I tried the other alternatives in week 3 by swapping the activation functions of the hidden layer for a sigmoid and a ReLU. Both perform horribly. Here is the output of the ReLU version:
Hi @whnr. Your extracurricular experimentation is commendable and great for building insight and understanding. Keep it up.
To be sure that I understand, the nature of your experiment, you wanted to see how the performance (accuracy) would change if you substituted the hyperbolic tangenttanh activation with two alternatives: 'sigmoid, and then 'ReLU.
First, off when changing architectures, one must be mindful of the hyperparameter settings, in this case the learning rate.
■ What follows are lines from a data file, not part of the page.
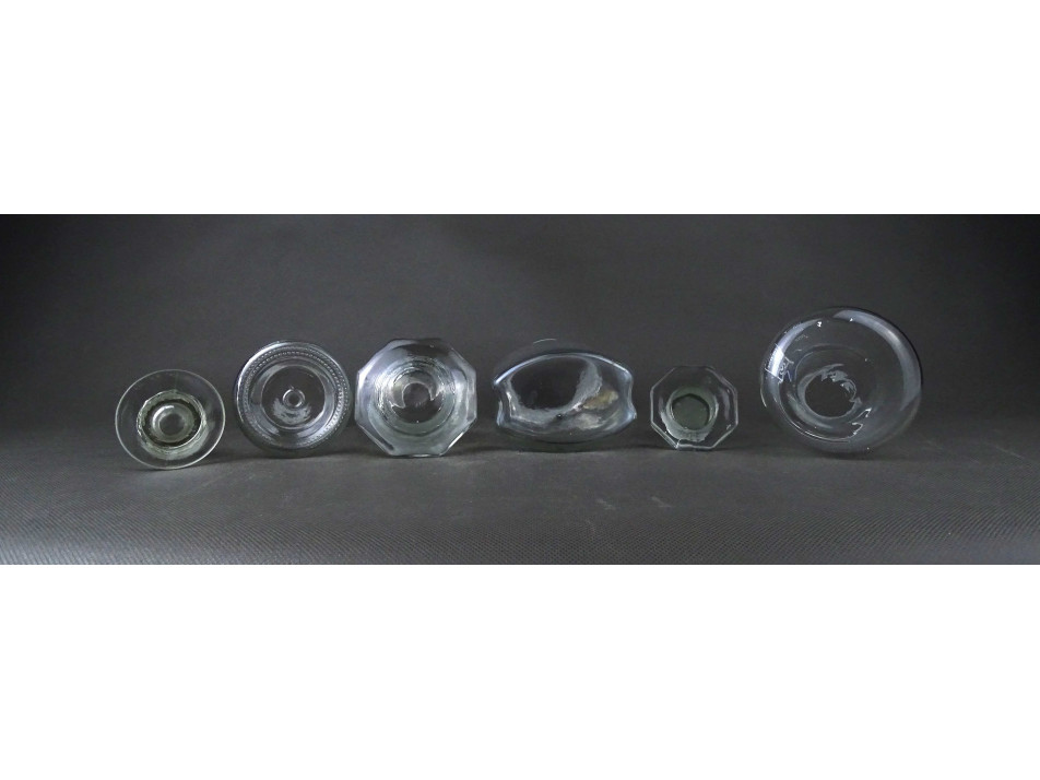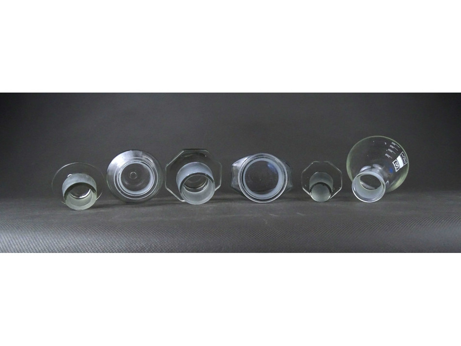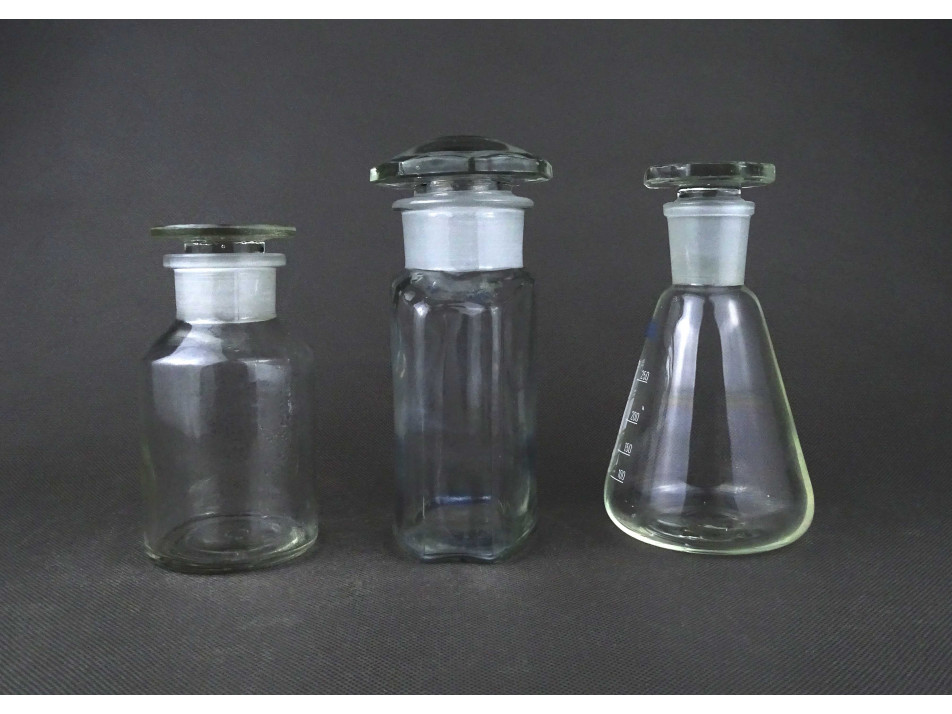 Régi, hibátlan állapotú, különböző méretű, csiszolt dugós laboratóriumi üveg, patikaüveg szett. 3 darab dugós patikai tároló edény, üvegcse.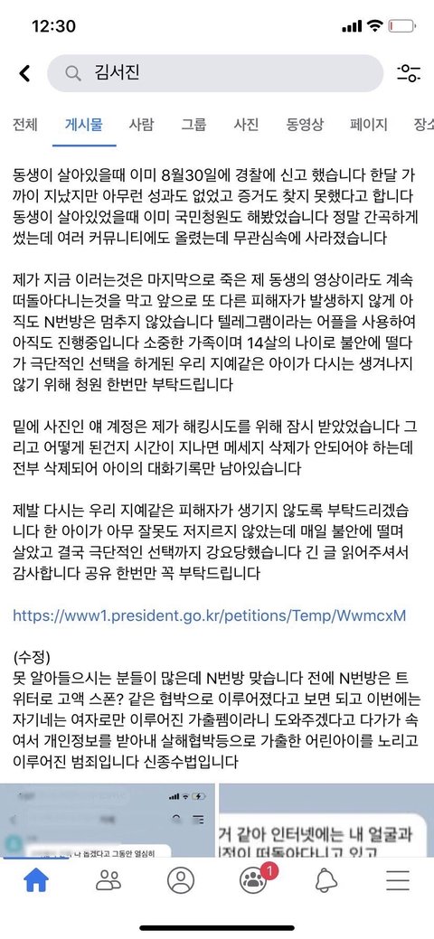10대판에 올라온 글이고 저는 원 글 작성자가 아니라 퍼 온 글이라는 점 양해 부탁드립니다. 다른 분의 글을 무단으로 퍼 온 것이 잘못된 일임은 알고 있으나 사안이 중대하다 생각해 10대 뿐만 아니라 더 많은 분들이 봐주시고 청원에 동참해주셨으면 하는 마음에 씁니다.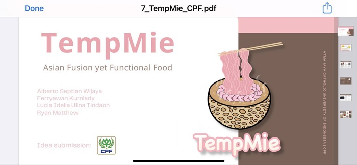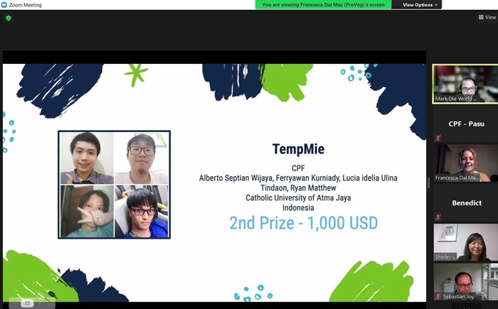 ส่วนทีม TempMie จากประเทศอินโดนีเซีย ได้อันดับที่ 2 นำเสนอแนวคิดนวัตกรรมบะหมี่กึ่งสำเร็จรูปเพื่อสุขภาพสำหรับ vegan (instant vegan noodle) ที่ทำจากแป้งถั่วเหลืองหมักแบบพื้นเมืองอินโดนีเซีย (Tempeh powder) สารสกัดเข้มข้นจากดอกไม้ Kecombrang และน้ำซุปเห็ดหอมชิตาเกะของญี่ปุ่น (Shiitake Broth) เป็นการผสมผสานวัฒนธรรมของอินโดนีเซียเข้ากับญี่ปุ่น “ทุกคน กล้าคิด กล้าพูด กล้าลงมือทำและพร้อมค้นหาความจริง ซึ่งเป็นคุณลักษณะของนักวิจัยรุ่นใหม่ นอกจากแนวคิดของนักวิจัยกลุ่มนี้จะตอบโจทย์ความต้องการของตลาดเรื่องโปรตีนเนื้อสัตว์จากพืชแล้ว ยังเป็นนวัตกรรมอาหารสร้างภูมิคุ้มกันเพื่อสุขภาพที่ดี โดยเฉพาะในช่วงการระบาดของโรคโควิด 19” ดร.ลลนา กล่าว สำหรับทีมชนะเลิศอันดับที่ 1 Food Tech Chula เป็นการรวมตัวกันของนิสิตปริญญาเอก คือ นายนุติ หุตะสิงห และ นางสาววรัญญา เตชะสุข และนิสิตปริญญาโท คือ นายณัฐชนน สร้างสมจิตร์ จากภาควิชาเทคโนโลยีทางอาหาร คณะวิทยาศาสตร์ จุฬาลงกรณ์มหาวิทยาลัย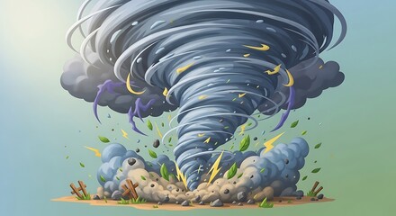 Powerful Tornado Illustration with Lightning and Debris

You want to makes sure that the cost (with respect to the number of iterations) is decreasing, more or less monotonically, to something very close to the minimum in all cases. We need a clean comparison. Let’s assume that you took care of that.
Let’s further assume that your math on the backprop is correct. What is going on here? First, you may have learned why using the sigmoid function in hidden layers is ill-advised. (You can review the “Activation functions” video for a bit more on that.) I agree, the performance on the smaller hidden layers, is abysmal. That said, notice how the sigmoid hidden activation performed with 50 hidden units. Pretty well! But, the tanh NN only required 4 units to get comparable performance! Why does it do so much better? Given that their shapes are qualitatively similar ("S-like), and by implication their gradients, one is led to think about how the actual range of values associated with the two functions is different. How might the presence of negative activations help out?
Now for the ReLU comparison. I am surprised, too. That’s good, so thanks for sharing! It would be nice to see how it did with 50 hidden units as a direct comparison to the sigmoid case! I would only note that the nature of the classification problem here is atypical in that the decision boundary is quite complex and sharply defined. Speculation. That said, my guess is that a deeper network, (e.g. one extra hidden layer) may tilt things more toward a ReLU preferenc.e More speculation. You might want to revisit that question after Week 3.
Thank you for your reply @kenb! Week 4 and the beginning of course 2 already shed more light on the topic of hyperparameter selection / tuning.
On the point of tanh vs sigmoid here is my takeaway:
A sigmoid will always have a positive activation, no matter what Z you put in. It is therefore impossible to have any negative activations. If the gradient decent wants to “turn off” a hidden unit, it would optimize for a very negative Z => gradient is very close to zero. Which will slow down learning
tanh on the other hand can achieve an activation of zero where the gradient is the largest. So it’s easy for gradient decent to invert or completely turn off a hidden unit.
Disadvantage of both vs ReLU is that both functions require significantly more computation than a simple comparison like max(0, z)that a relu requires.
As @kenb says, it is admirable that you are doing this kind of experimentation! You always learn something interesting when you take the course material and try this type of experiment.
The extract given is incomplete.